Five-ring Circus

The 2004 Olympics

In the sabre, you live and die by the sword.

Zagunis: rattling many a sabre in Athens

The Olympics would obviously be better if every athlete carried a sword. If competitors had sharpened blades, equestrian would at least be watchable and gymnastics would require a lot more strategy. The sabre, of course, is perfect already. The other fencing disciplines, the epee and foil, are fun but ultimately a little mincing. Sabre, the only subset of the sport where you can slash rather than just thrust limply, is pure swashbuckling, the Errol Flynn of sports.

Swordplay makes for the fastest action in the Olympiad. Most points come down to whether or not the slasher brings his instrument down before his opponent sneaks in a counterstrike. True to the sabre’s macho nature, ties go to the aggressor. When there is no clear-cut attacker, the umpire has to parse touches separated by split seconds and hidden by splaying arms. The sport’s capriciousness is a great part of its appeal. The art of acting victorious can be just as important as good hand-eye coordination. After nearly every point, both fencers go through a hilarious pas de deux—mad celebration, followed by plaintive looks toward the umpire. When they stop screaming bloody murder, one fencer goes trotting happily back to his end of the piste while the other stares incomprehensibly into space, astonished that a blind man would be assigned to referee in the Olympics.

Sabre gets about as much media attention in this country as elephant polo, but we do have some world-class sabreists.American sisters Sada and Emily Jacobson (from the fencing city of Dunwoody, Ga.) and 19-year-old Mariel Zagunis are all highly ranked and trailblazers to boot. Until this year, sabre clung to the hopelessly outdated code that the whole swordfighting thing was too soaked in testosterone for the ladies. Fortunately, Athens marks the debut of women’s sabre, so the United States could see some medals. (Tune in to Bravo between 5-8 p.m. ET today to find out.)

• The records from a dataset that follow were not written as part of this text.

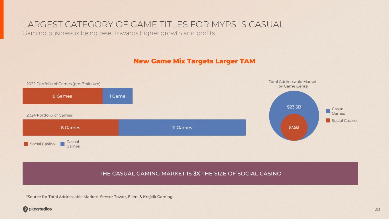 27 Advertising will now be a meaningful portion of total revenues AdMon is higher margin - no platform fees Advertising/Other is now 20% of Total Revenues Scaling AdMon in social casino portfolio Tetris and Brainium are AdMon games SHIFT TO CASUAL GAMES IS RAISING MARGINS Gaming business is being fundamentally reset towards higher profit Revenue Mix 2022 IAP Advertising Other Revenue Mix 2023 IAP Advertising Other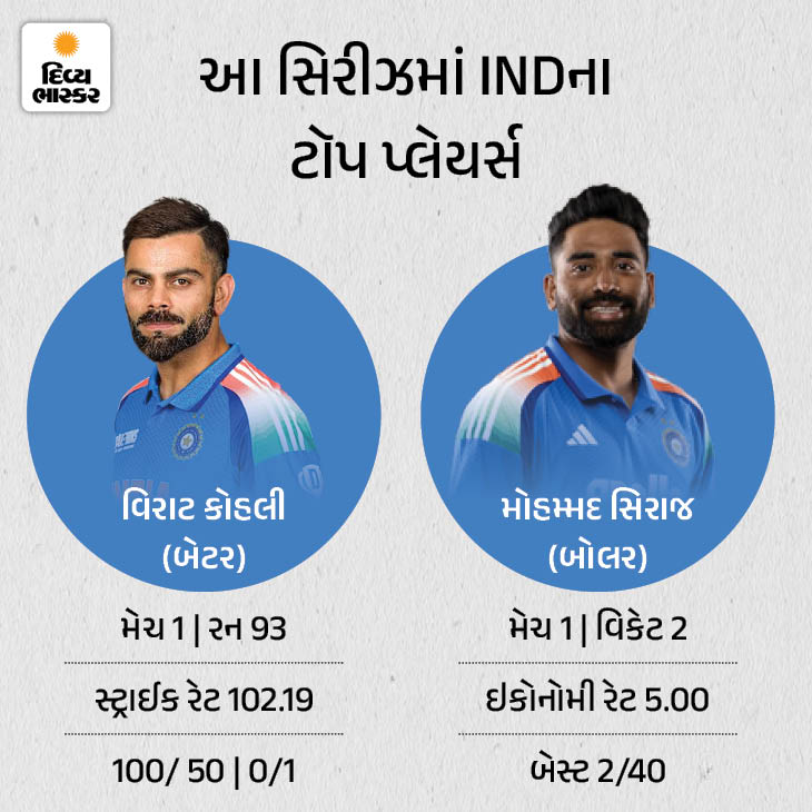 વિરાટે પહેલી મેચમાં 93 રન બનાવ્યા પહેલી મેચમાં વિરાટ કોહલીએ સદી તો ન ફટકારી પરંતુ 93 રનની શાનદાર ઇનિંગ રમી હતી. કોહલી સિરીઝમાં ટૉપ સ્કોરર છે. કોહલી ગયા વર્ષે પણ ટીમ માટે સૌથી વધુ 651 રન બનાવનાર ખેલાડી હતો. બીજી તરફ, પ્રથમ મેચમાં મોહમ્મદ સિરાજે બોલિંગમાં સારું પ્રદર્શન કર્યું હતું અને 2 વિકેટ ઝડપી હતી.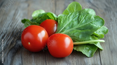 Fresh tomatoes and leafy greens on rustic wooden table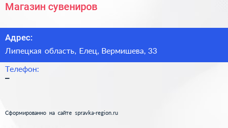 Магазин сувениров по адресу Липецкая область, Елец, Вермишева, 33 в дальнейшем Организация, размещена в следующих категориях: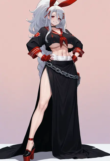Secret Boss o' the Underworld? (Delinquent): phsuke, bare legs, black serafuku, crop top overhang, fingerless gloves, high ponytail, midriff, platform heels, red gloves, fingerless gloves, sailor collar, no bra, x hair ornament, sarashi, long skirt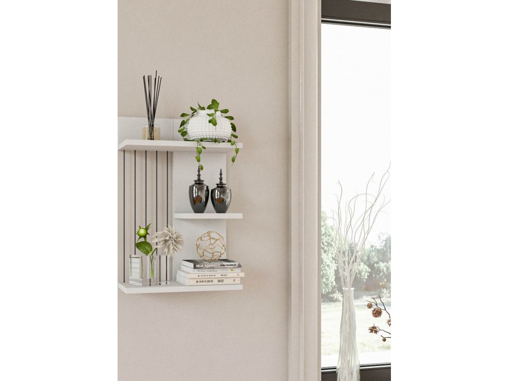 Tuto nástěnnou poličku lze snadno připevnit na zeď, čímž ušetříte cenný prostor na podlaze. Díky kompaktním rozměrům 40 cm na šířku, 60 cm na výšku a 19 cm do hloubky se hodí do každé místnosti, ať už je to obývací pokoj, ložnice nebo kancelář. Bílá barva dodává nádech sofistikovanosti a bezproblémově se hodí do jakéhokoli interiéru.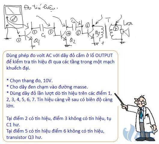 Hình vẽ này cho thấy cách dùng máy đo Volt AC, thang đo thấp, với dây đỏ cắm ở lỗ OUTPUT để kiểm tra tín hiệu xuất hiện trong một mạch khuếch đại. Chúng ta biết, trong một mạch điện, tín hiệu là sự nhấp nhô lên xuống của mức volt trên mức Volt phân cực DC. Tín hiệu AC trong mạch luôn có điểm khởi phát và làn dần đến tải. Nếu đã nắm được đường đi của tín hiệu trong một mạch điện, chúng ta dễ dàng dùng Volt kế AC để “xác nhận sự có mặt của tín hiệu trên các điểm này”. Nếu đo tại điểm 4, kim lên là có tín hiệu và chuyển qua đo tại điểm 5, kim không lên là không có tín hiệu, vậy tụ liên lạc C2 hư hay có hở mạch. Nói cho cùng sửa máy là làm công việc tìm xem tín hiệu bị mất ở điểm nào, mất do lý do vì, nếu do linh kiện hư thay cái mới vào là xong, nếu do đứt mạch, hàn lại là được…Do vậy nếu biết dùng phép đo này, việc tìm chổ hỏng trong các thiết bị điện tử cũng không phải là công việc quá khó.

The top-ranked male American sabreist, Keeth Smart, is clearly in his element in a sport where, like laser tag, your head lights up red when you get hit.Smart, who was ranked No. 1 in the world last year, looks like he took up fencing as a natural progression from those plastic light-sabre battles down at DragonCon. Unfortunately, he met eventual finalist Aldo Montano in the round of 16 and was beat soundly.

In the men’s gold-medal bout, the dashing, ultra-aggressive Italian  Montano (a male model, yet!) clashed with the placid, technical Zsolt Nemcsik of Hungary. The match came down to the ultimate dramatic moment—tied at 14, next touch wins. Four years of training and a day of slicing and dicing down to a solitary touch of the sword tip. True to the sport’s inscrutable nature, the winner could scarcely be determined by the naked eye. Incredibly, the CNBC coverage didn’t bother to show the replay of the deciding point, leaving the deserving victor unknown. Montano, though, ran around like a madman, convinced of victory. After a performance like that, the umpire couldn’t help but give Italy the gold.